Below, you can see some example instances from the dataset, as well as colour-coded whether these are positive (green) or negative (red) examples. (BTW, in the original dataset, the domain information is not provided.)
The Model
Now that we know how the task looks like, how could a model able to solve this task look like?
As many studies showed that transformer-based BERT models are very capable of interpreting contextualised meaning, for this example, we will build a disambiguation system with BERT-large.
To build this model, we concatenate all the textual input that we have (word in context, definition, and hypernyms) and feed it into our BERT model. From the output embeddings, we select certain features (specifically, the [CLS] token representation, the representation of the target word, and the average representation of the tokens in the definition and hypernyms), which form the input to a simple binary classification layer, predicting the final label.
The Performance
Finally, we can take a look at how well our model is able to generalise, and also, how well it can adapt to new domains!
To get a better feeling of what is possible, we will compare the accuracy of the model to the human performance on the same task, which is seen as some kind of upper bound. In the figure below, we can see on the left-hand side the human performance, and on the right-hand side the performance of our model (with an overlay of the human performance). In grey, the overall performance is shown, while the colored bars represent the accuracy on the general domain instances (green) as well as on the domain-specific instances (blue=cocktails, yellow=medical, red=computer science).

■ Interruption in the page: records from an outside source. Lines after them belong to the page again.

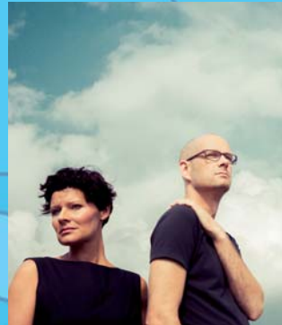
JAZZNIGHT: LE BANG BANG

JAZZNIGHT 15 € /erm. 12 € Drei Bands stellen sich vor
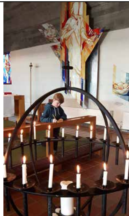
Deltaker på 4T6 i Rossabø kirke.

- Det er vanskelig å sirkle inn noen få hoved-
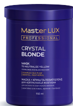
CRYSTAL BLONDE КРИСТАЛЕВИЙ БЛОНД
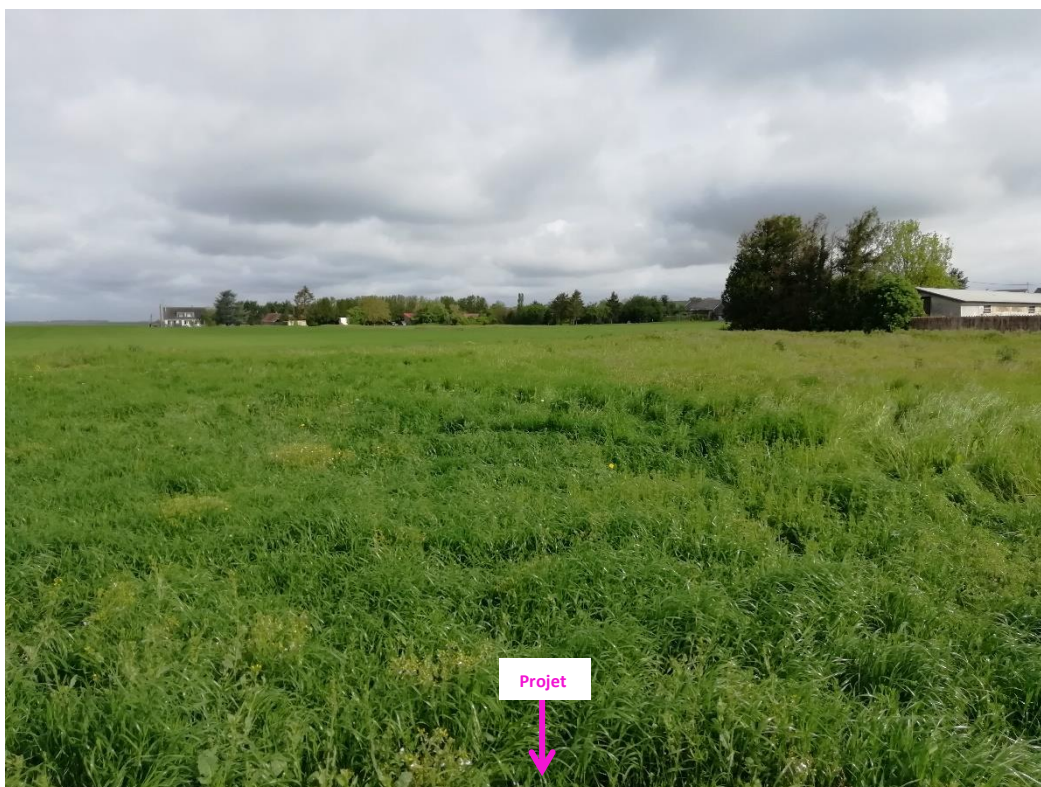
Photographies du 11/05/2023 permettant de situer le projet dans son paysage lointain

For the general domain instances (green), the performance of the BERT-L model is about 5 percentage points worse than the human performance, which is not bad, though there is of course room for improvement.
When we want to estimate the abilities to adapt to new domains, we have to evaluate the performance of the domain-specific instances. We can see, that — at least for humans — the domain-specific instances are easier solvable than the general domain ones. When compared to our prediction model, the gap to human performance is quite big in these instances. However, when comparing the model's accuracy on general domain instances (the domain our model was trained on) to the model's accuracy on domain-specific instances (to which the model had to adapt), the performance seems quite stable. This is a good sign, as it indicates that this model has the potential to be trained on some general domain dataset, and then used for a domain-specific or enterprise setting!

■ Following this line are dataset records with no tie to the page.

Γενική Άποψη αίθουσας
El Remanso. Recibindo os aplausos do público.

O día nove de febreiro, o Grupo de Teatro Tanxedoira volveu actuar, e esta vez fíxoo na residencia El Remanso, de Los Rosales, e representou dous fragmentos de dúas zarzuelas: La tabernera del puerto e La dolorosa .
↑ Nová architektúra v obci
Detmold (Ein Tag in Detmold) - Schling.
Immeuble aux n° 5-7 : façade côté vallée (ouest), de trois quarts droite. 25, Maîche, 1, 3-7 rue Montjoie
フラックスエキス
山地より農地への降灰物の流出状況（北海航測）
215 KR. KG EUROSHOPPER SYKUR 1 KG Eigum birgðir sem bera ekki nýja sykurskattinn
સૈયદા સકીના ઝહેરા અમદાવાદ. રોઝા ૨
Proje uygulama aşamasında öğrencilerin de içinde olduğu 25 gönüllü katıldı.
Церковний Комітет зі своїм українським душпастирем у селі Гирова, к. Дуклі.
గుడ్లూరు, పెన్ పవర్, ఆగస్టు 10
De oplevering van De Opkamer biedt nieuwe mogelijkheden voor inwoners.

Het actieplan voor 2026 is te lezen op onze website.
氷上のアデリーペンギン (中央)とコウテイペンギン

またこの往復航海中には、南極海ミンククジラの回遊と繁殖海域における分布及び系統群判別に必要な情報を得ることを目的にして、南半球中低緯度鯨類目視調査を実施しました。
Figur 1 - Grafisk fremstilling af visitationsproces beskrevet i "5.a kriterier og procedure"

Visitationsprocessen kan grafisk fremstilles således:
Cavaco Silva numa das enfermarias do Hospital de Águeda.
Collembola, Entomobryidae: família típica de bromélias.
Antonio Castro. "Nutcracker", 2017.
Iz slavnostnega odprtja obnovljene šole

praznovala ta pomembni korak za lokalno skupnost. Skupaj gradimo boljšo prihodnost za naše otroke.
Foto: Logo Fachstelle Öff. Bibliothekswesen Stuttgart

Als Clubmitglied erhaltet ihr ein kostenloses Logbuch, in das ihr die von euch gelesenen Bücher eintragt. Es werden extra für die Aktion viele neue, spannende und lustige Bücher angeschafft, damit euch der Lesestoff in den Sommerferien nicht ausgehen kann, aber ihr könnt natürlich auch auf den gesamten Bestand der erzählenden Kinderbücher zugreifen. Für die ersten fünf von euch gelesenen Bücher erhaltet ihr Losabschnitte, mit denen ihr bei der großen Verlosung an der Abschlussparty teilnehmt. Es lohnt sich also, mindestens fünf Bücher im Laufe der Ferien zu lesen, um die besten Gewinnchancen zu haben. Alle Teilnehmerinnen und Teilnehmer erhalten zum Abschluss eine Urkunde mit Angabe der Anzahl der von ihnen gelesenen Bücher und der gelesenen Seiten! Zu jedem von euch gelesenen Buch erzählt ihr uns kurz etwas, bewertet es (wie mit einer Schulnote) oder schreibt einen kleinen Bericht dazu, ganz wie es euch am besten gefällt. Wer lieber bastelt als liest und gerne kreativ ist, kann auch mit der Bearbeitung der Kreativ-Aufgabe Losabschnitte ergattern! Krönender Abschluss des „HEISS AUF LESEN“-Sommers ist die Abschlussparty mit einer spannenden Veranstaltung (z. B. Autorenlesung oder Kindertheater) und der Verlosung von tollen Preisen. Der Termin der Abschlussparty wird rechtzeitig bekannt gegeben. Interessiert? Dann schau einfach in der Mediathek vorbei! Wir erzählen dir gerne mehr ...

Of course, the presented model just serves as an example implementation of a disambiguation model that can efficiently tackle the TSV task. Hyperparameter optimisation and improved model architecture can lead to even higher performances. The currently best performing models can be found on the codalab competition page as well as on paperswithcode.
Closing and Further reading
If you want to know more about Target Sense Verification and the WiC-TSV benchmark, I recommend reading the original paper of the benchmark. If you want to get some inspiration on more performant TSV-model architectures, I can suggest roaming around in the proceedings of the SemDeep2020 workshop, especially the papers from Moreno et al, and Vandenbussche et al. If you want to try out a TSV-model for your own use-case you can find an implementation on Github. And finally, if you feel like you have an idea for a way better model, you can try to establish a new state-of-the-art model on the WiC-TSV benchmark at codalab.

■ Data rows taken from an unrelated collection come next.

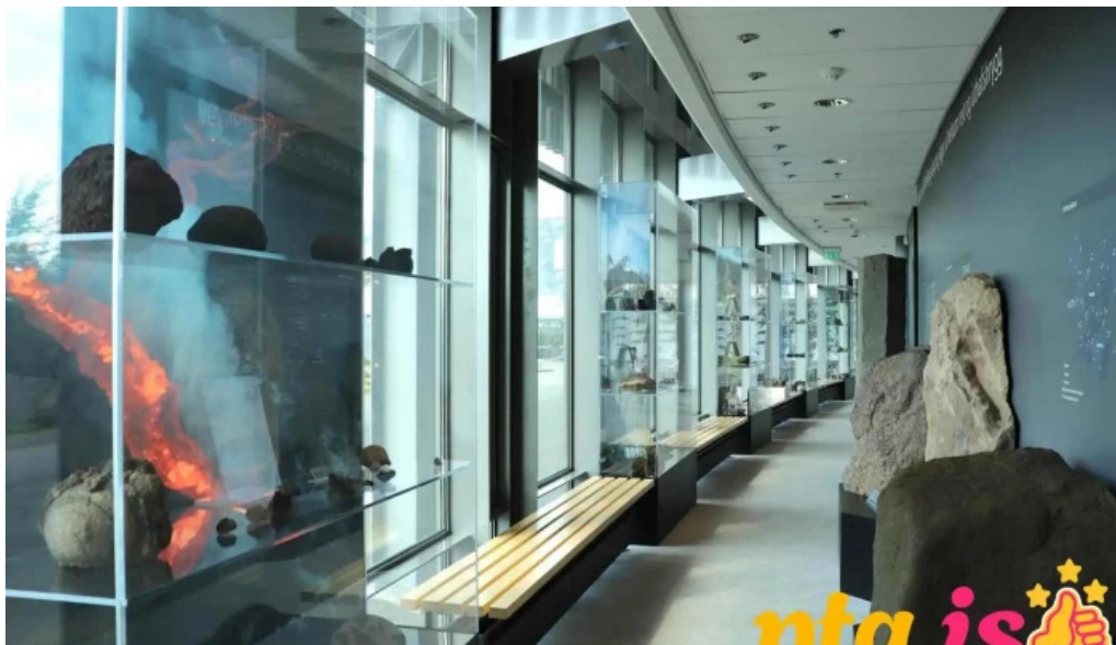
Naturufraedistofa kopavogs fra eiganda
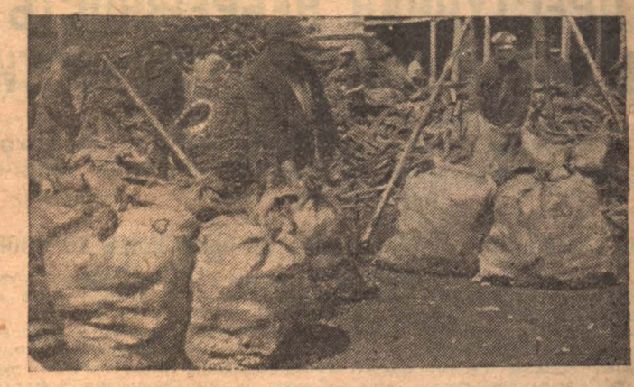
НД СНИМКЕ: Сотрудники Сибрайгосторга на воскреснике в день индустриализации 6 августа
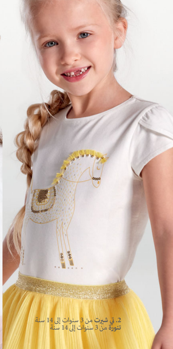
2. في شيرت من 3 سنوات إلى 14 سنة تنورة من 3 سنوات إلى 14 سنة
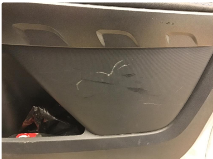
3.1 Noen riper dørtrekk høyre framdør.
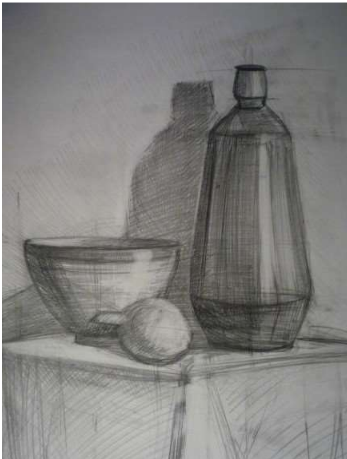
Рисунок 5. Не смотря на неточности пропорций предметов быта, работа получила высокую оценку.
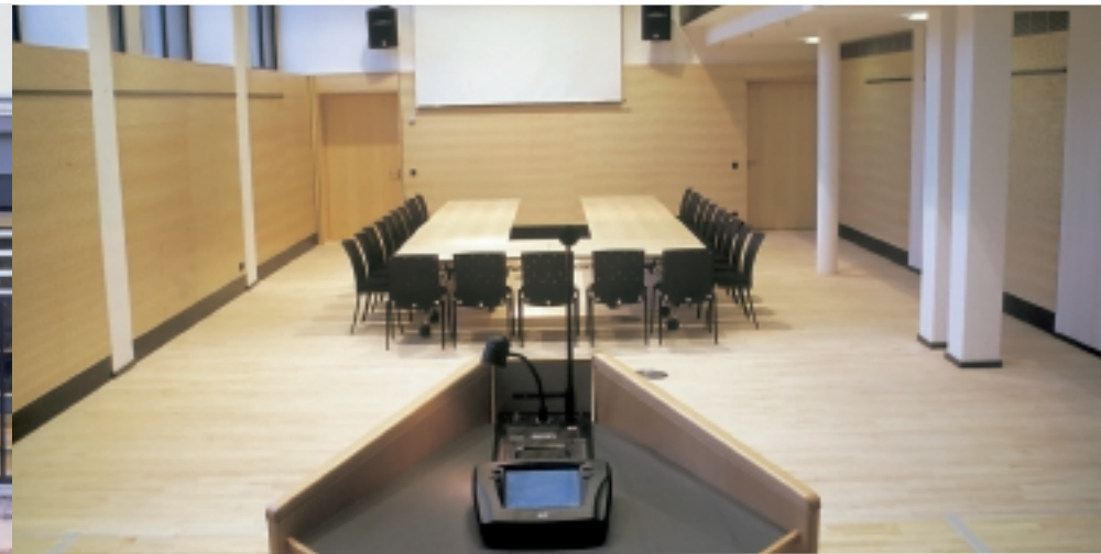
Konferenzatmosphäre im Drusussaal
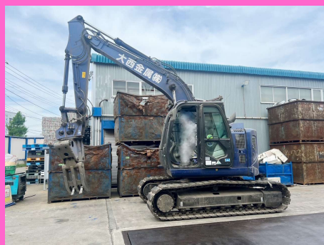
点検作業後のユンボ
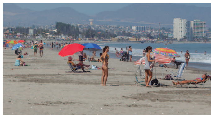
Amplias playas, buen clima y un borde costero seguro con Carabineros, salvavidas y Seguridad Municipal es lo que podrán encontrar las y los turistas que visiten la zona.
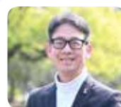
ほりうち たかし 堀内 孝 先生 岡山学習センター客員教授 岡山大学文学部教授 専門分野：社会心理学、認知心理学

からだを整えるホルモン入門 13:30~15:00 <全5回> ①4/8 ②6/17 ③7/29 ④8/19 ⑤9/16
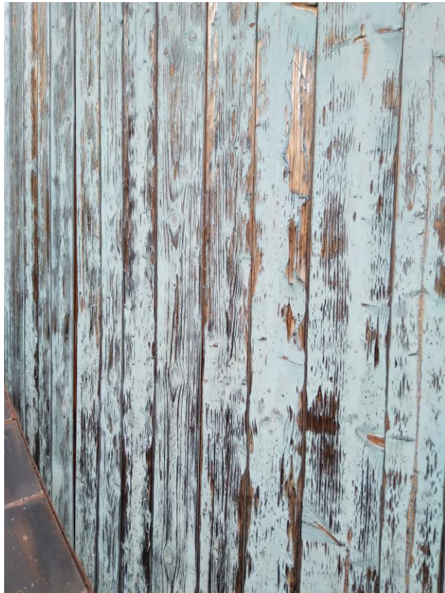
Condizione di degrado delle pareti esterne del fabbricato
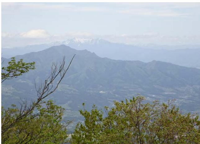
水沢山頂上より。奥が上州武尊山、手前が子持山
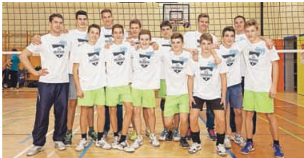
Škofjeloški odbojkarji na novi poti
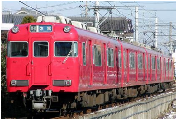
名鉄 6000 系
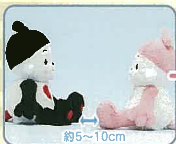
①右足同士が向き合うように向かい合わせて座らせる。 約5~10cm

※通信モードを終りようしたい時はしっぽスイッチをつまむと通常の遊びにもどります。

TL;DR: We have seen how the traditional disambiguation task formulations are not suitable for many domain-specific and enterprise settings, as they restrict the flexibility of disambiguation systems and assume the availability of all senses. Target Sense Verification (TSV) is a sense-inventory independent reformulation of this task, where only one sense needs to be known. We have seen an example implementation of a TSV-model and tested it against the WiC-TSV benchmark.
Remark: all unreferenced graphics are created by the author.